──────── Source material

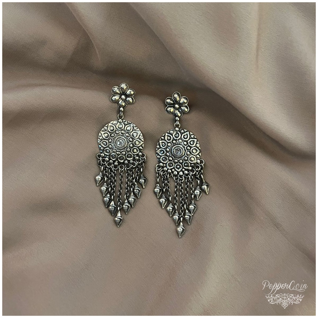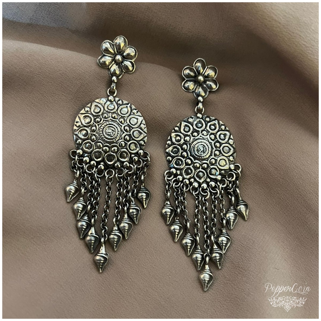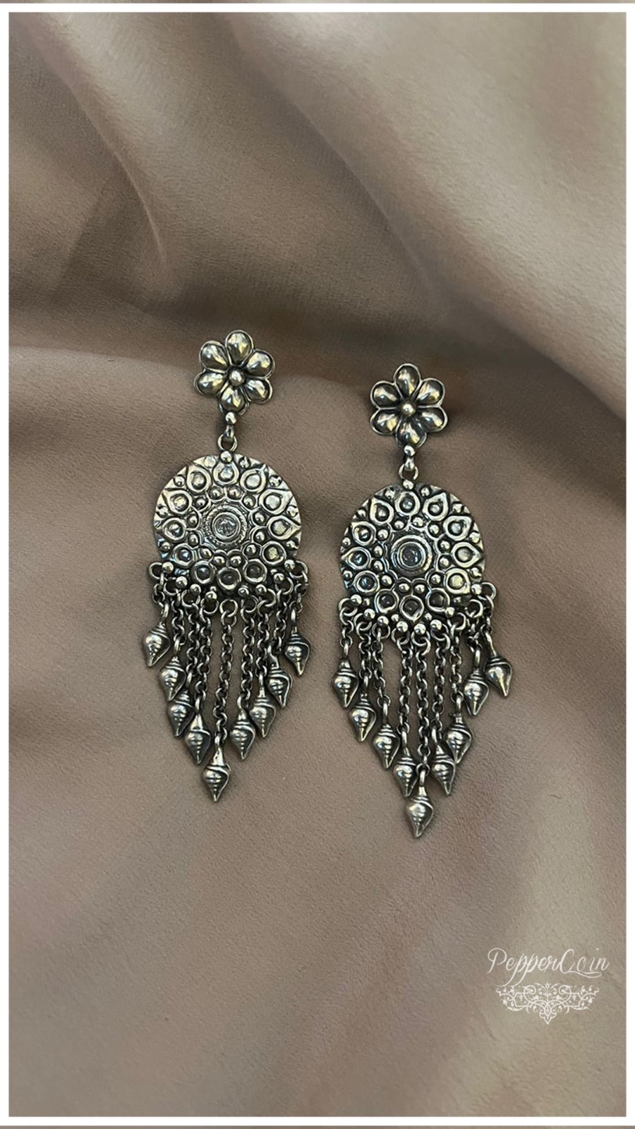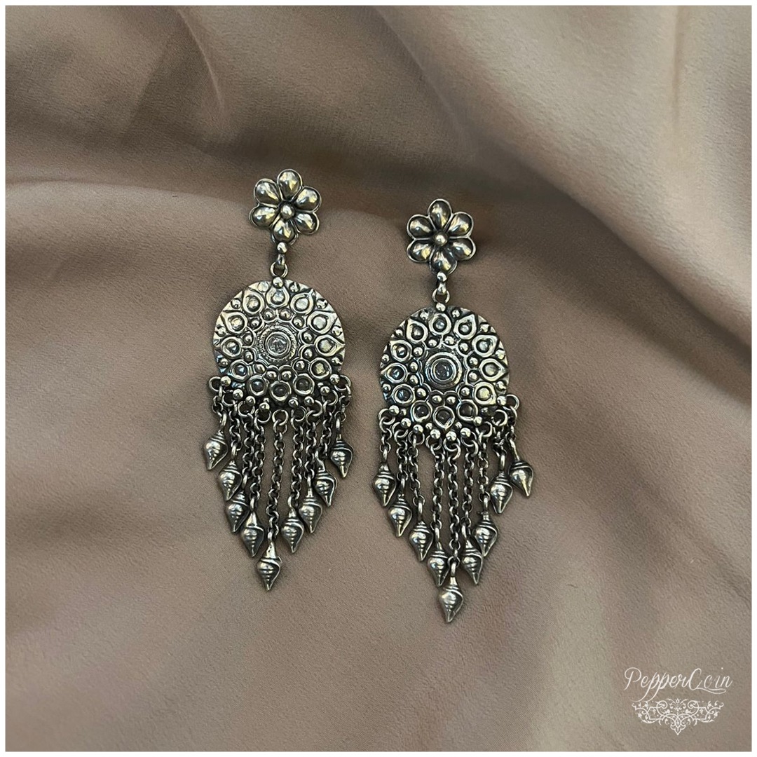 Beautiful Jali Work Done in Silver Weight: 9.3 Grams Length: 4.2 cm Fastening: Stud Material: 92.5 Silver Status: Available Care : Keep
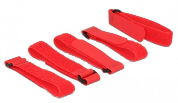 DeLock 18705 - Kabelbinder mit Klettverschluss L 300 mm x B 20 mm Rot - 5 Stk.
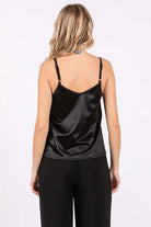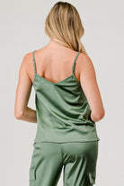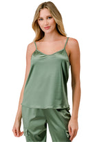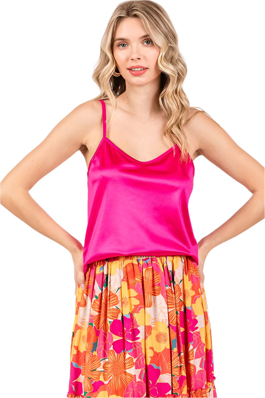 regular size, standard, young contemporary, contemporary, satin, solid color, casual top, tank top, blouse, top, adjustable straps, low back, v-neck, sleeveless, trendy, chic, stylish, fashionable, simple, comfortable, daily wear, loungewear. spring, summer, ss, women's clothing, women's apparel, women's wear
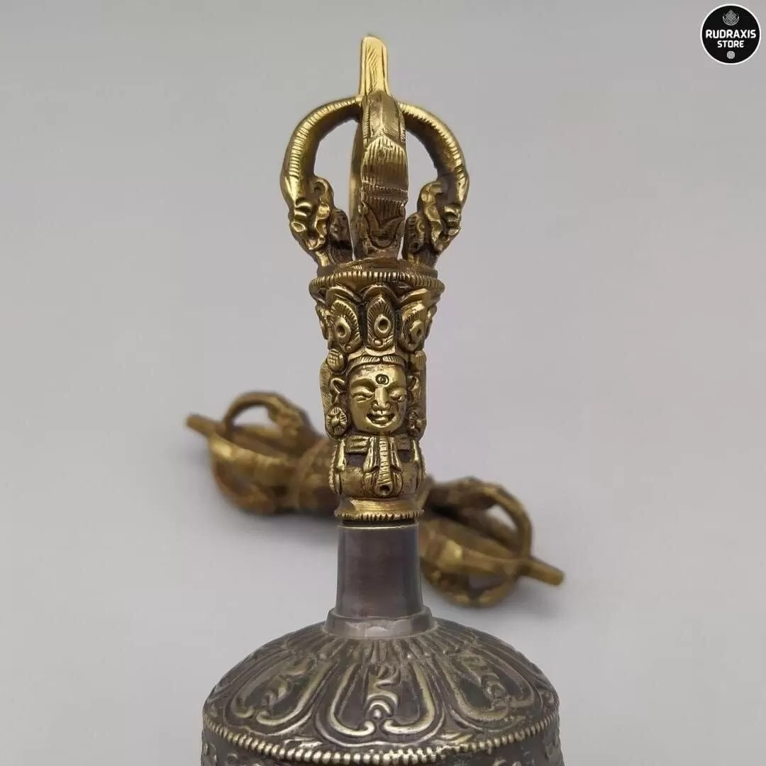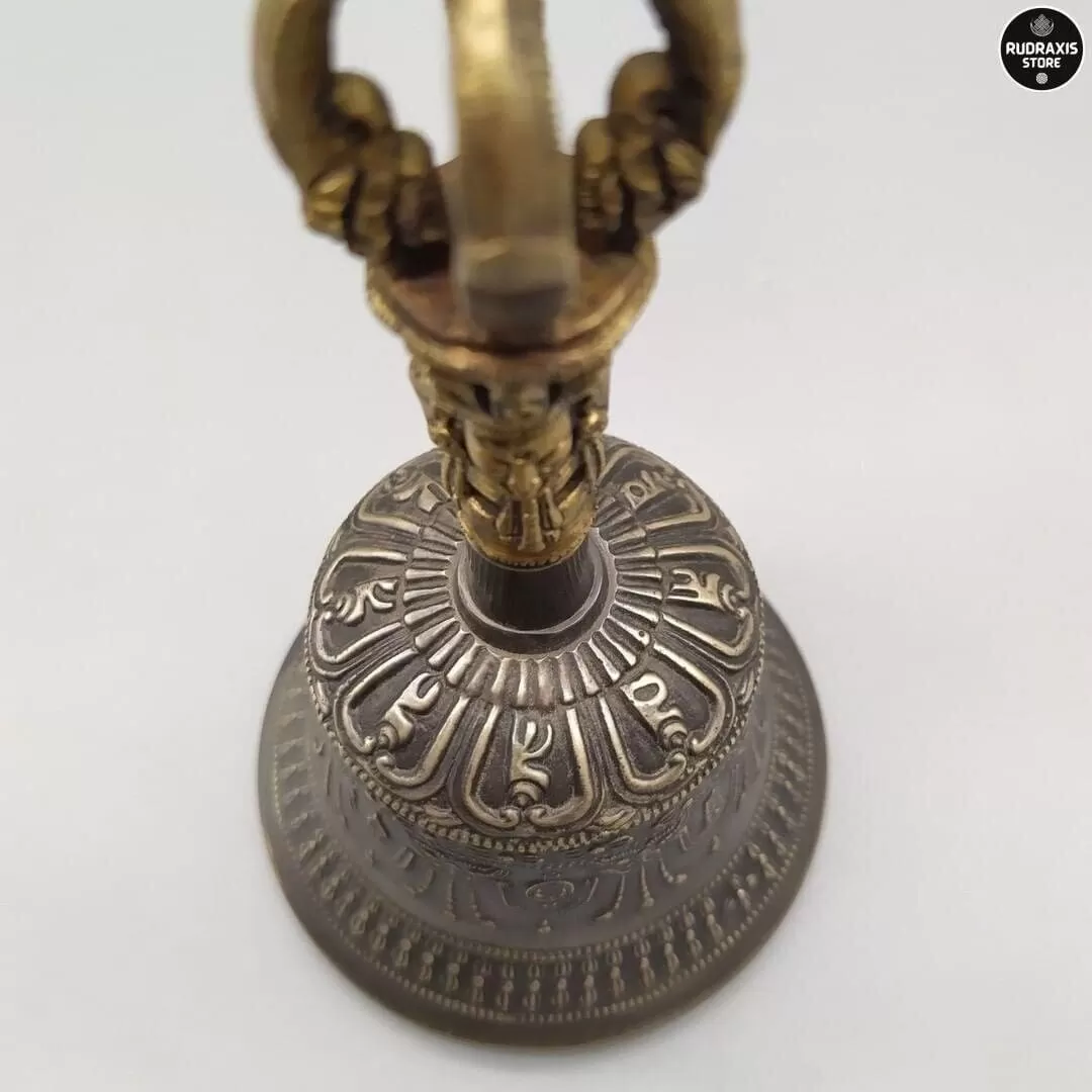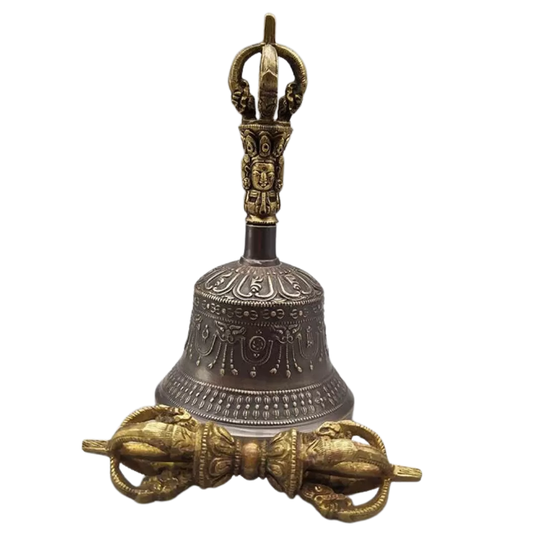 Ghanta or Bell is never separated from the Vajra or Dorje. Both the Bell (shown) and Vajra contain endless symbolism. Holding the Dorje in the right hand symbolically connects us to the Buddhas (and especially our own Yidam). Holding the Bell (Ghanta) is like cradling the entire mandala of the Yidam. The Bell is wisdom and emptiness. The Dorje represents means and compassion.
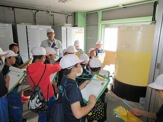 まずは、乙空釜浄水場へ。川からくみ上げた水が、どうやって安全に飲める水になっていくのかを学びました。
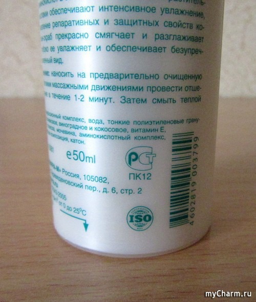 В его составе содержатся специальные пористые микрогранулы. Крем насыщен натуральными маслами: оливковым, виноградным и кокосовым.
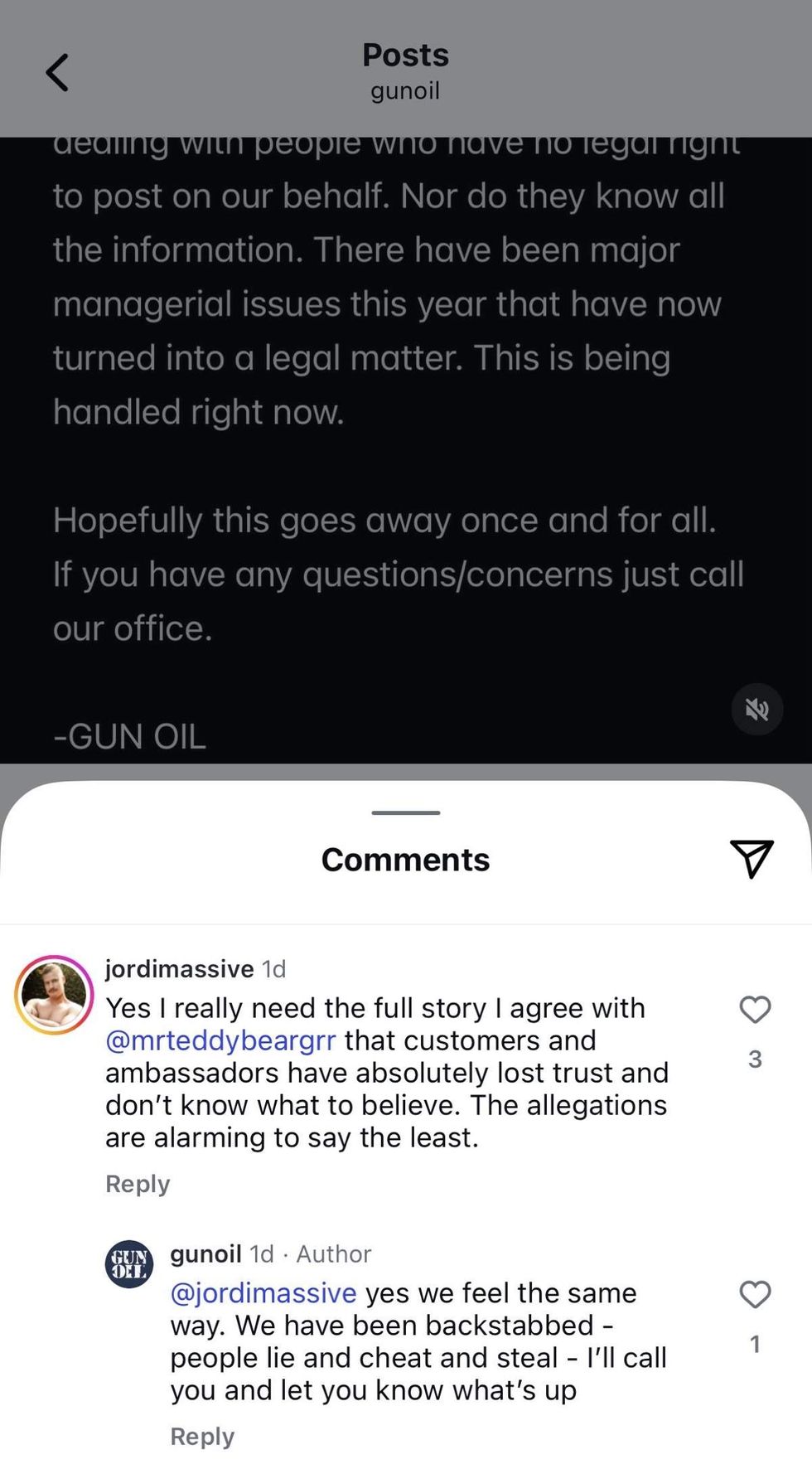 "Dear GUN OIL fans, we are terribly sorry about all the crazy posts over the past few weeks. We are dealing with people who have no legal right to post on our behalf. Nor do they know all the information. There have been major managerial issues this year that have now turned into a legal matter. This is being handled right now. Hopefully this goes away once and for all. If you have any questions/concerns just call our office."

────────────────

** What to work on **
Each entry gets copied exactly; the pictures stay out.

** Solution for this problem **
 Beautiful Jali Work Done in Silver Weight: 9.3 Grams Length: 4.2 cm Fastening: Stud Material: 92.5 Silver Status: Available Care : Keep
 DeLock 18705 - Kabelbinder mit Klettverschluss L 300 mm x B 20 mm Rot - 5 Stk.
 regular size, standard, young contemporary, contemporary, satin, solid color, casual top, tank top, blouse, top, adjustable straps, low back, v-neck, sleeveless, trendy, chic, stylish, fashionable, simple, comfortable, daily wear, loungewear. spring, summer, ss, women's clothing, women's apparel, women's wear
 Ghanta or Bell is never separated from the Vajra or Dorje. Both the Bell (shown) and Vajra contain endless symbolism. Holding the Dorje in the right hand symbolically connects us to the Buddhas (and especially our own Yidam). Holding the Bell (Ghanta) is like cradling the entire mandala of the Yidam. The Bell is wisdom and emptiness. The Dorje represents means and compassion.
 まずは、乙空釜浄水場へ。川からくみ上げた水が、どうやって安全に飲める水になっていくのかを学びました。
 В его составе содержатся специальные пористые микрогранулы. Крем насыщен натуральными маслами: оливковым, виноградным и кокосовым.
 "Dear GUN OIL fans, we are terribly sorry about all the crazy posts over the past few weeks. We are dealing with people who have no legal right to post on our behalf. Nor do they know all the information. There have been major managerial issues this year that have now turned into a legal matter. This is being handled right now. Hopefully this goes away once and for all. If you have any questions/concerns just call our office."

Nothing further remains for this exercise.